All in all it turned out to be quite simple, no dependencies to other products, and it works well in practice.
Nothing fancy but couldn't you do something like
DROP TABLE dbo.Merged
INSERT INTO dbo.Merged
SELECT [DatabaseID] = "Database1", * FROM ServerA.dbo.Table
UNION ALL SELECT [DatabaseID] = "Database2", * FROM ServerB.dbo.Table
...
UNION ALL SELECT [DatabaseID] = "DatabaseX", * FROM ServerX.dbo.Table
Advantages
Easy to setup
Easy to maintain
Easy to adjust
Easy to add more tables
Disadvantages
Performance
Reliable logging
We had a similar requirement where we took a different approach. first created a central database to collect the data. Then we created a inventory table to store the list of target servers / databases. Then a small vb.net based CLR procedure which take the path of SQL query, target SQL Instance name and the target table which will store the data(This would eliminate the setup of linked server when new targets are added). This also adds two additional columns to the result set. The Target server name and the timestamp when the data is captured.
Then we set up a service broker queue/service and pushed list of target servers to interogate.
The above CLR procedure is wrapped in another procedure which dequeues the message, executes the SQL on the target server provided. The wrapper procedure is then configured as the activated procedure for the queue.
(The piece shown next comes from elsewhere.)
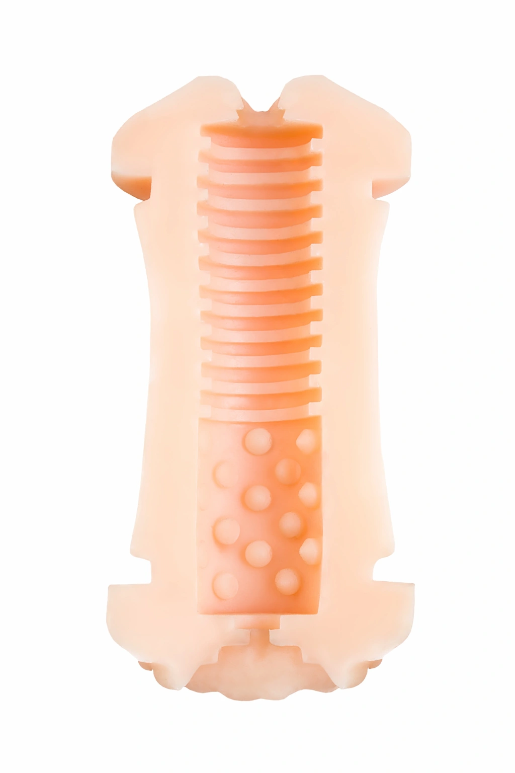 Bu ürün, bir kadınla yakınlıktan ve normal mastürbasyondan farklıdır! Patlayıcı orgazma yol açan tamamen farklı, zengin ve renkli duyumlar. İki yönlü masturbator bir seçenek sunar: anüs veya yumuşak dudaklar. Farklı iç kabartmalara ve giriş çaplarına sahiptirler. Rahat silikon silindir, kullanımda maksimum konforu garanti eder. * Kadifemsi malzeme.* Kaymaz silikon silindir.* Suda kullanılabilir.* Farklı iç araziye sahip iki giriş.

With this we are able to achieve a bit of parallelism to capture the data.
Advantages :
Easy to setup Easy to manage (Add / Remove targets)
Same framework works for multiple queries
Logging tables to check for failed queries.
Works independent of each target, so if one of the target fails to
respond, others still continue.
Workflow can be pause gracefully by disabling the queue (for
maintenance on central server) and then resume collection be
re-enabling it.
Disadvantage:
requires good understanding of service brokers.
should properly handle poison messages.